Sunday, June 19, 2005

Wild Things

Parambikulam is a 285 sq kilometer wildlife reserve to the north of Kerala. And I had the privilege of spending my weekend there.

Tourists avoid this wildlife haven like a plague during the monsoons. What with leeches, mosquitoes, slush, unstable terrain, snakes, leaky roofs and perpetual rains. All the more reasons for me to go. I like taking vacations which you need vacations to recover from. And I got exactly what I bargained for.

Parambikulam is a village of exactly 6 thached houses. To explain how remote it really is, let me tell you about my conversation with a local. I asked him if there was a telephone booth nearby. He pointed to a little thached hut which doubles up as a house and a restaurant, and assured me that indeed an instrument of that nature was to be found there. However upon further questioning, it was revealed to me that it doesn't have STD facilities. Which means you can only dial locally, i.e. the only other phone in the next village, some 10 kilometers away.

Anyway, after rowing for an hour (No motorboats allowed as they disturb the wildlife) across a crocodile infested lake, we reached our place of residence. The 'Bungalow' as it turned out, was nothing but a single, large room with a row of indigenously made bamboo beds with a thatch base. The procurement of two local chickens for the price of Rs. 300 each (broiler is 100 a kg) was to be our dinner for the night. Since I had prior experience with hunting, the job of killing and skinning the chickens fell to me. A dangerous endeavour since wild sloth bears lurk around the premises, and the smell of blood is sure to attract one.

Dinner cooked, leeches pulled off and wounds tended to, we pulled out our sleeping bags and lay awake, taking in the sounds of the jungle. Each time we heard a snort or a call in the distance, we'd jump up and shine our toorches, to no avail, into the inky blackness of the jungle. Oh! did I mention that there was no electricity there? Well there wasn't.

The next morning, saw us setting off to spot animals and birds. Immediately, we spied on the far bank, a herd of Bisons. Rowing as quietly as we could, (Which is about as quietly as a bull in a china shop), we crept up to the other bank. Thankfully, we were downwind to the herd and were able to skirt over a small hill untill we were almost over them. Just as we stood there, cameras ready, focusing on the heard, someone stepped on a stick. The resulting crack sent the herd into the jungle at a trot. Thankfully, Bisons are demure creatures and don't often attack or we'd been toast.

That day we saw heards of Cheetals (Spotted deer), Sambars (Especially one male with an impressive set of antelers.), and some more Bisons. We also managed to spot a number of birds like the River Tern, The crested snake eagle, The great hornbill, Little owlet, the Greater Raquet-tailed Drongo. The most cherished spotting was that of the Malabar Whistling Thrush, also called the 'Whistling schoolboy' for it's lazy, whistling call.

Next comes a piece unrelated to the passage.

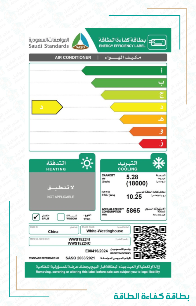 مكيف اسبليت , ماركة وايت ويستنج هاوس , مقاس 18 , بقدرة 18000 وحده , بارد , WWS18Z24I/C

But the most memorable encounter was with a herd of wild elephants. It was around 12 in the night and we'd set off to spot animals from our SUV. Along with us was a guide who it is necessary to take along as they know the animals and where they are to be found. Just as we aproached a bend in the road, we heard a trumpet call of a tusker. Screeching to a halt at the bend, we were in awe of what we saw. A parade of elephants, not more than 10 meters away. Silently the guide, grabbed the driver by the arm and motioned for us to slowly back off. As we did, we saw a tusker step forward as if to warn us about our proximity. Even the guide was a little rattled by the unexpected encounter. So, nervously from a distance, we watched with our searchlight, the herd move on. We watced in awe as one elephant wrapped its trunk around a bunch of tall thick bamboo plants and effortlessly pull them out of the ground. These bamboos must have been at least 10 - 13 meters tall and about a foot across and would take more than a bulldozer to raze.

And so we left Parambikulam the next day a little humbled, and a little wiser. Three days of solitude and hardships had enobled us like no three decades in a city could. We promised to come back next season. And we intend to.